The o1 test time compute plot x-axis is on the log scale, that means that you will need exponential compute to make a linear improvement, so it will be grinding to a halt
Hence the 7 Tril bet
They apparently only just started scaling this. For example, there’s no reason that this couldn’t be applied to writing other than the fact that it is difficult to craft a reward signal for it. Saying that they’ll quickly hit a wall now would be like saying the same when we were at GPT-2. Sure, it’ll eventually happen, but we’re a ways off from it happening.
Cool lecture, thanks!
🎉❤terrific video, thank you
I think not following from expert examples is a stretch. They could of helped finetune the CoT mechanism having people write out their thought processes while solving problems especially for math and coding. Edit: i see it addressed at 20:30
Yeah I agree that there are expert examples somewhere in the training procedure. Wanted to emphasize that these play less of a role than I would have assumed before diving into this area (if you believe the OAI comments).
@@DistortedV12 I think to achieve scale, the data has to be generated by the model itself via a step-by-step prompt, the correctness of the solution has to be easily verified. For example, the AIME problems have an integer solution between 0-999. One can then use process and advantage reward on such dataset.
Brilliant!
That is awesome. It saved me lots of time. I am trying to use some of these techniques for the AIMO Kaggle contest. If anyone is interested drop me a message.
Did he mention that they use reasoning tokens?
Oh no I forgot to mention that! In my notation the reasoning token is how you know to move from z to y. It's kind of implied by the color changing from green to red.
Goat
Thinking LLMs from Meta, LLM-Berry, ARC AGI paper from MIT on test time training. Can someone (a LLM) ideally Noam Brown or otherwise comment how these are related to what is discussed here?
* Thinking LLMs is quite related. It uses an LLM as the verifier (I was emphasizing automatic verifiers in this talk.).
* LLM-Berry is an effort to do a MCTS style search on existing Llama models without learning.
* ARC-AGI paper that came out today seems really neat! They do SGD at test time, so pretty different than these methods that only do CoT at test time.

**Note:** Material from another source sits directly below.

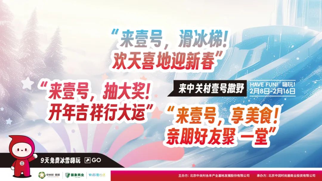这次元宵期间,带上家人朋友,来中关村壹号,滑冰梯、抽大奖、享美食,欢天喜地过元宵!
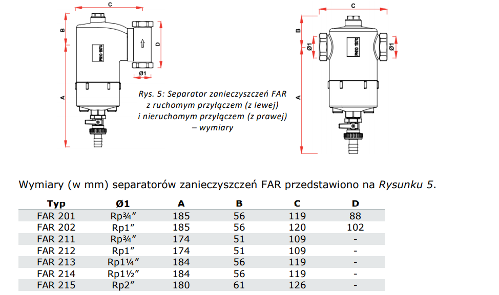 AFRISO FAR 211 SEPARATOR ZANIECZYSZCZEŃ MAGNETYCZNY Z PRZYŁĄCZEM STAŁYM POZIOMYM DN20 3/4″ GW 77 721 10

@@srush_nlp thank you so much for responding to my questions! Very great talk / liked how you pointed out the core problem so other researchers can focus efforts
I find this ridiculous and remarkably improbable. Did you see the missed space in the example CoT from o1? That matches Sam Altman’s laidback writing style, he’s clearly writing all the CoT a test-time by hand.
Has to be process reward
Yeah, it definitely seems like that is part of the equation. The question is whether that is everything.

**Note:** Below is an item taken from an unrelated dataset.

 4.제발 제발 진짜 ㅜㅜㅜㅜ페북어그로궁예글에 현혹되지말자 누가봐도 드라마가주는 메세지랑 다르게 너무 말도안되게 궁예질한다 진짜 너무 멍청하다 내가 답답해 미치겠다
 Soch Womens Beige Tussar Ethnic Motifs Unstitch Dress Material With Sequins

'The innovations driving rapid AI research' [9:41-12:34]
Test compute capability is still constrained by the data used for the RL training, which is harder to curate. You can give a D student an infinite amount of time on an exam and he is certainly not going to get an A.

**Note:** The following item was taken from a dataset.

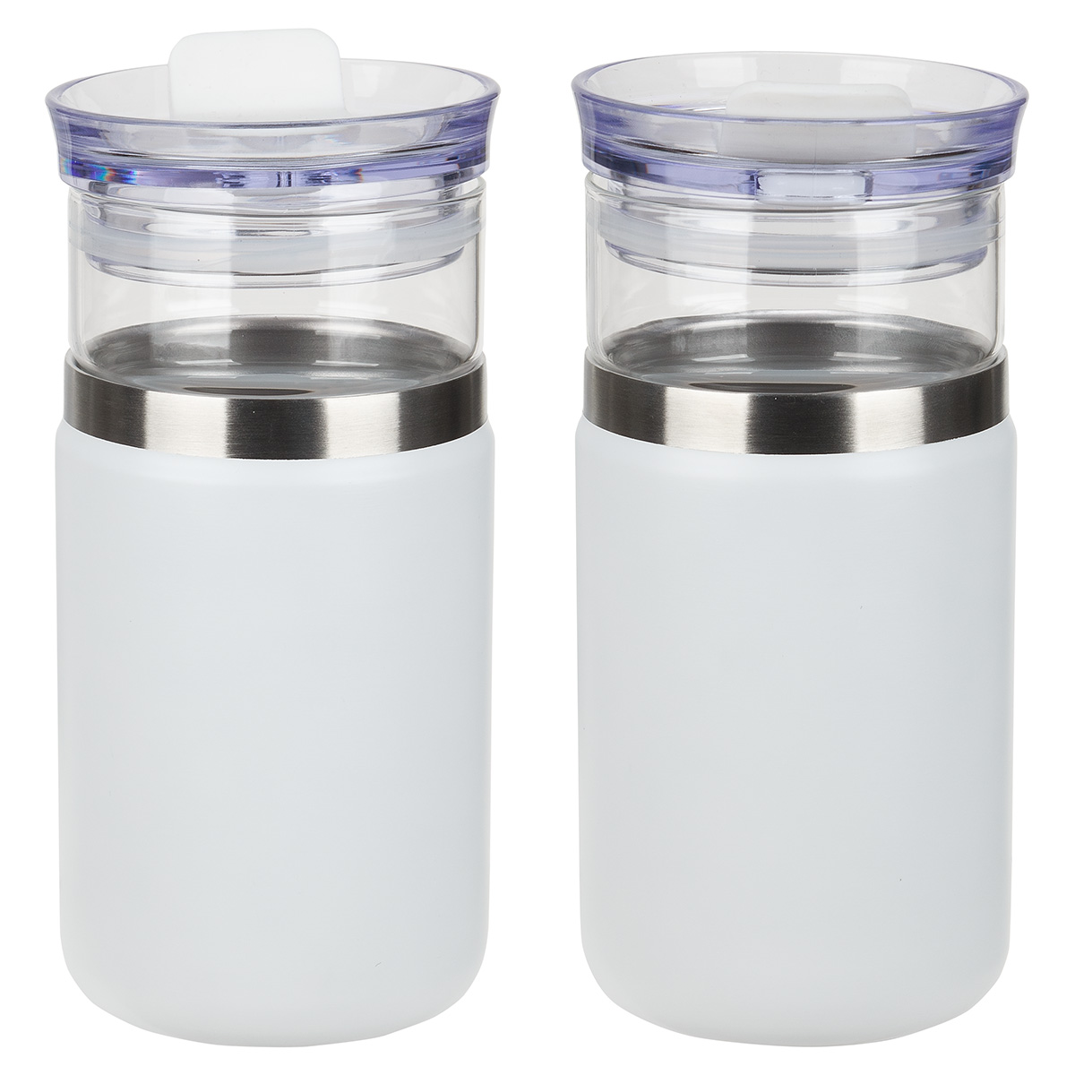- 2-in-1 design allows for use as a 12 oz glass tumbler or 11 oz insulated tumbler

Depends entirely on the verifier and the test.
But synthetic data can solve this restraint. Just have increasingly more capable models create more synthetic data to allow further reinforcement learning, and so on.
@@haiderameer9473 No it doesn't as its still combinatorics at work, D -> A remains a challenge. No amount of recursive repetition of one domain over even seemingly infinite window of time will make you an expert in another that you know little about
@@mossglow
I really was thinking about this, but as it seems to be working, and producing better results.
I came to the idea that maybe gpt-4=< models are not the best distillations of all the knowledge they've been trained on. and further distillation towards paths that aligns with the intended results required needs further optimization of this distillation towards an outlier reasoning that is better than the average reasoning. Basically trying to distill towards expert level human language proficiency. This should exist within the LLM corpus of knowledge, it's just lost in an ocean of data.
I certainly don't have any idea about what I'm talking about, I just follow A.I. news.